# TASK PROMPT:
This task calls for the lines below starting at the one containing "蘇少林:國(guó)家對(d" and ending at the one containing "江東三角地帯には、小名木川、", repeated exactly with both ends kept and pictures left out.

# INPUT MATERIAL:
"""

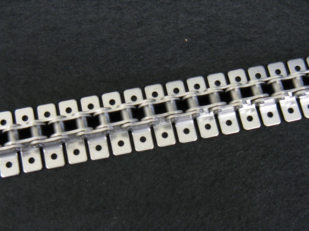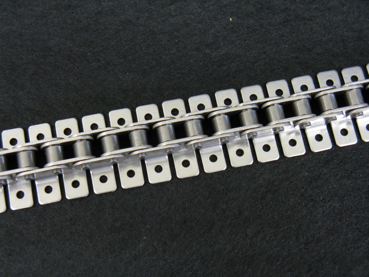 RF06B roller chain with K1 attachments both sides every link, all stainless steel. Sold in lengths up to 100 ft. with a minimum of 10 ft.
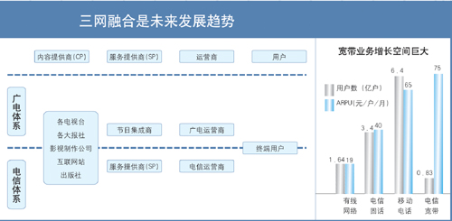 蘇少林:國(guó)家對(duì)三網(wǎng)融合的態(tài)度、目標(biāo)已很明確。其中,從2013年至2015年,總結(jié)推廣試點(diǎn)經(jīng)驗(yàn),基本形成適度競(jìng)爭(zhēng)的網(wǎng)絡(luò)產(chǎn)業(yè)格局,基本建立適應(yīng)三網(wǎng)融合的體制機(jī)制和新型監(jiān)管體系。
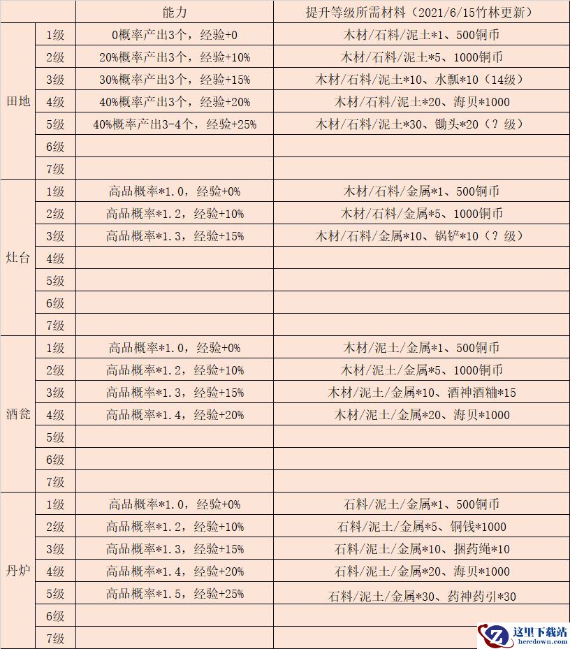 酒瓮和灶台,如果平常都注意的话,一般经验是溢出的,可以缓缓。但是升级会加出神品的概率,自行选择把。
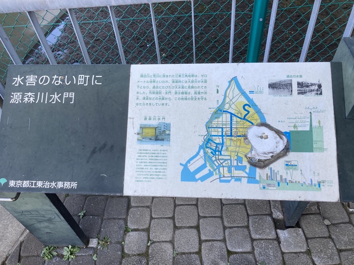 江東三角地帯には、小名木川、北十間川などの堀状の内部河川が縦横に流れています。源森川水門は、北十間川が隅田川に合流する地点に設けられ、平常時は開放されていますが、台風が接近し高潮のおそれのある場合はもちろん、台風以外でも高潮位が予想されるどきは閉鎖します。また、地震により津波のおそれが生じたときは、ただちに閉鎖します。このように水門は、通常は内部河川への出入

"""
"""

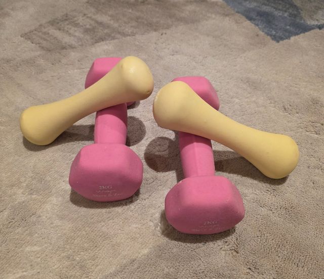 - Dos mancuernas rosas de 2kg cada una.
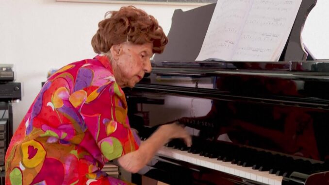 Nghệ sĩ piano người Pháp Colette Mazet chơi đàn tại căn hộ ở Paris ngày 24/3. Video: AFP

"""

# ANSWER TO THIS TASK:
 蘇少林:國(guó)家對(duì)三網(wǎng)融合的態(tài)度、目標(biāo)已很明確。其中,從2013年至2015年,總結(jié)推廣試點(diǎn)經(jīng)驗(yàn),基本形成適度競(jìng)爭(zhēng)的網(wǎng)絡(luò)產(chǎn)業(yè)格局,基本建立適應(yīng)三網(wǎng)融合的體制機(jī)制和新型監(jiān)管體系。
 酒瓮和灶台,如果平常都注意的话,一般经验是溢出的,可以缓缓。但是升级会加出神品的概率,自行选择把。
 江東三角地帯には、小名木川、北十間川などの堀状の内部河川が縦横に流れています。源森川水門は、北十間川が隅田川に合流する地点に設けられ、平常時は開放されていますが、台風が接近し高潮のおそれのある場合はもちろん、台風以外でも高潮位が予想されるどきは閉鎖します。また、地震により津波のおそれが生じたときは、ただちに閉鎖します。このように水門は、通常は内部河川への出入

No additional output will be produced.